Mesmo assim, na frente do túmulo, eu juntei minhas mãos; uma gota de água percorria meu nariz, se mantendo fixa no fim, essa foi minha última visão antes de fechar os olhos. Eu, então, questionei o porquê de ainda estar vivo, tanto no lugar de meus pais quanto em relação ao caso de Aysha. Teria algum motivo maior para eu permanecer vivo ou a razão seria simplesmente o óbvio, estou vivo por estar vivo, sem qualquer motivo maior? Eu não obtive uma resposta direta, acho que ninguém recebe uma resposta direta de uma prece. Eu nem mesmo sei se eu entendi a resposta. Por isso que antes de morrer eu escrevo essas memórias, talvez eu possa enfim entender essa resposta.

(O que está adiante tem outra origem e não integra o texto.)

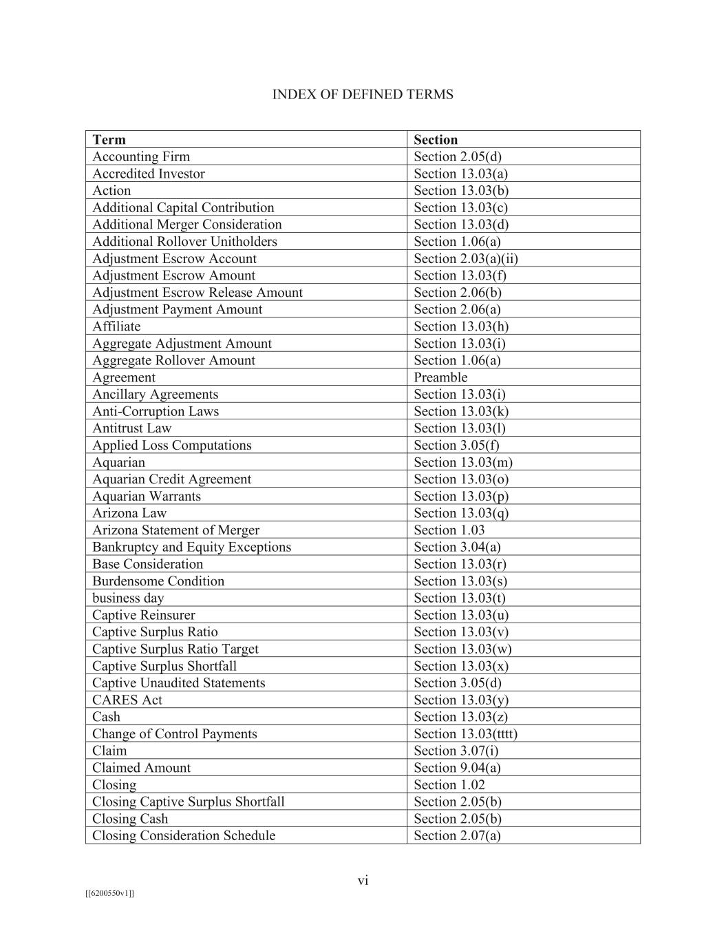 vi [[6200550v1]] INDEX OF DEFINED TERMS Term Section Accounting Firm Section 2.05(d) Accredited Investor Section 13.03(a) Action Section 13.03(b) Additional Capital Contribution Section 13.03(c) Additional Merger Consideration Section 13.03(d) Additional Rollover Unitholders Section 1.06(a) Adjustment Escrow Account Section 2.03(a)(ii) Adjustment Escrow Amount Section 13.03(f) Adjustment Escrow Release Amount Section 2.06(b) Adjustment Payment Amount Section 2.06(a) Affiliate Section 13.03(h) Aggregate Adjustment Amount Section 13.03(i) Aggregate Rollover Amount Section 1.06(a) Agreement Preamble Ancillary Agreements Section 13.03(i) Anti-Corruption Laws Section 13.03(k) Antitrust Law Section 13.03(l) Applied Loss Computations Section 3.05(f) Aquarian Section 13.03(m) Aquarian Credit Agreement Section 13.03(o) Aquarian Warrants Section 13.03(p) Arizona Law Section 13.03(q) Arizona Statement of Merger Section 1.03 Bankruptcy and Equity Exceptions Section 3.04(a) Base Consideration Section 13.03(r) Burdensome Condition Section 13.03(s) business day Section 13.03(t) Captive Reinsurer Section 13.03(u) Captive Surplus Ratio Section 13.03(v) Captive Surplus Ratio Target Section 13.03(w) Captive Surplus Shortfall Section 13.03(x) Captive Unaudited Statements Section 3.05(d) CARES Act Section 13.03(y) Cash Section 13.03(z) Change of Control Payments Section 13.03(tttt) Claim Section 3.07(i) Claimed Amount Section 9.04(a) Closing Section 1.02 Closing Captive Surplus Shortfall Section 2.05(b) Closing Cash Section 2.05(b) Closing Consideration Schedule Section 2.07(a)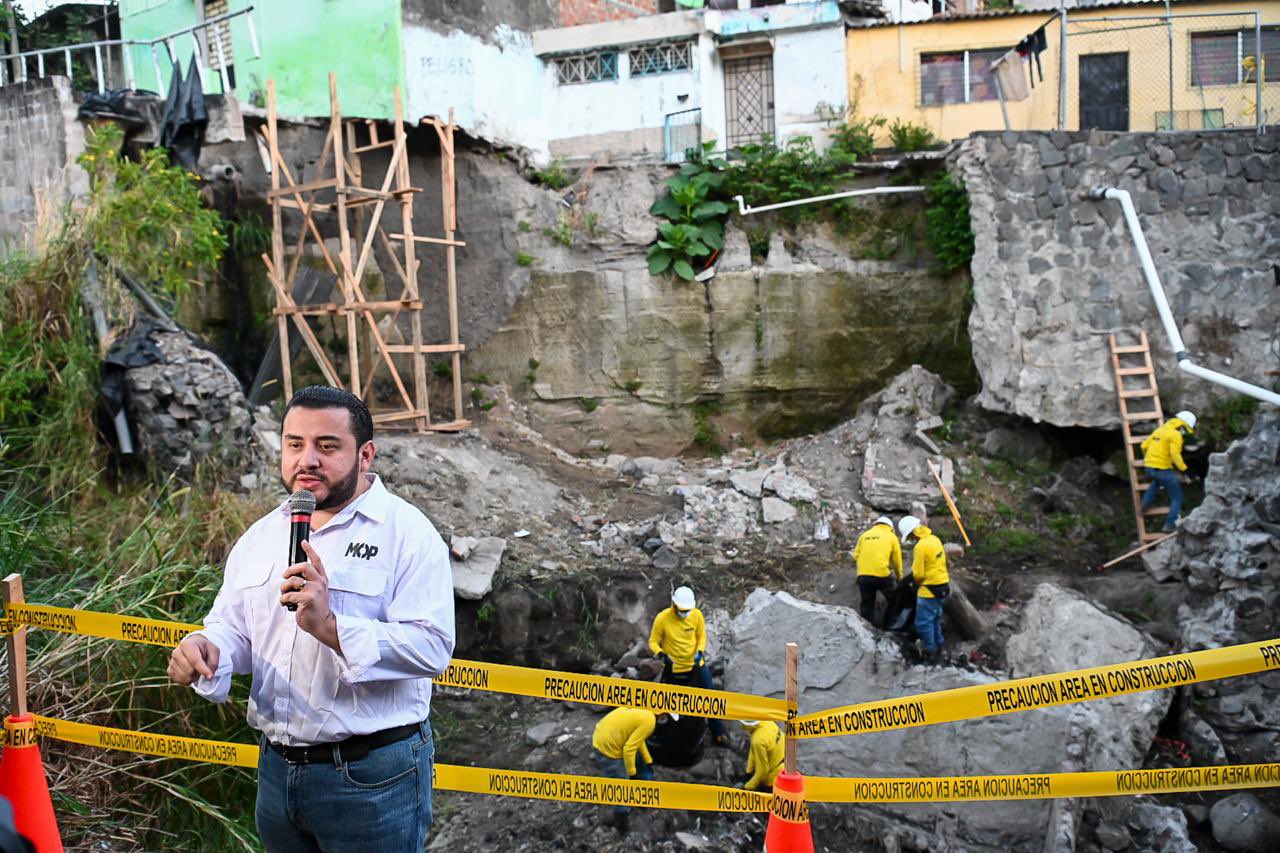 El Ministerio de Obras Públicas (MOP) inspeccionó los avances en una obra de mitigación realizada en la colonia El Bosque, en San Salvador, donde un muro colapsó por las lluvias generadas por la época invernal.

Já era hora de ir embora do cemitério, começava a anoitecer. Eu me despedi do túmulo com um sorriso. Não sei justificar porque sorri. Eu sou inconstante, nem eu me entendo. Eu já disse: por que ainda lê esse livro? Eu apenas devo estar te irritando. Pois bem eu me despedi do túmulo, era hora de voltar a casa. Antes de ir embora eu parei e olhei o túmulo de meu avô que jamais conhecerei. Seu nome era Noé e lembrei do fato que o túmulo de minha vó estava em meio as sepulturas seguindo em direção ao norte. Eu realmente odeio cemitérios.

Curioso fui embora. Curioso voltei ao meu quarto. Curioso porque percebi ao me olhar no espelho antes do banho, haviam duas marcas de mãos em minhas costas. Eles estão aqui até hoje.

Essa foi a história do segundo pedaço de minha alma, um momento que eu pude recuperar a percepção de uma saudade e fé ainda que pequenas. Eu não sei dizer se esse pedaço seria sobre fé ou seria sobre coragem. Fé porque eu enfim ousei realizar uma prece, ainda que mal feita; coragem porque eu enfrentei meu nojo aos cemitérios.

Ou pode ser sobre lembrança. Marcas de memórias. Pode ser isso. Deve ser isso. Quem eu quero enganar? Eu não sei. A verdade é que eu não entendo nada disso que aconteceu nesse dia. Nem naquele momento, nem hoje, segurando a caneta. Eu não entendo nada. Por que você lê esse livro? Lê algo de alguém que não sabe nada. Você é tão estranho quanto eu.

Apenas para terminar esse capítulo, porque o tempo para a visita de Aysha se aproxima, permita-me te dizer que o que me sobrou dessa história é minha aversão a cemitérios crescer. Eu odeio cemitérios. Agora podemos seguir para o terceiro encontro e a traição.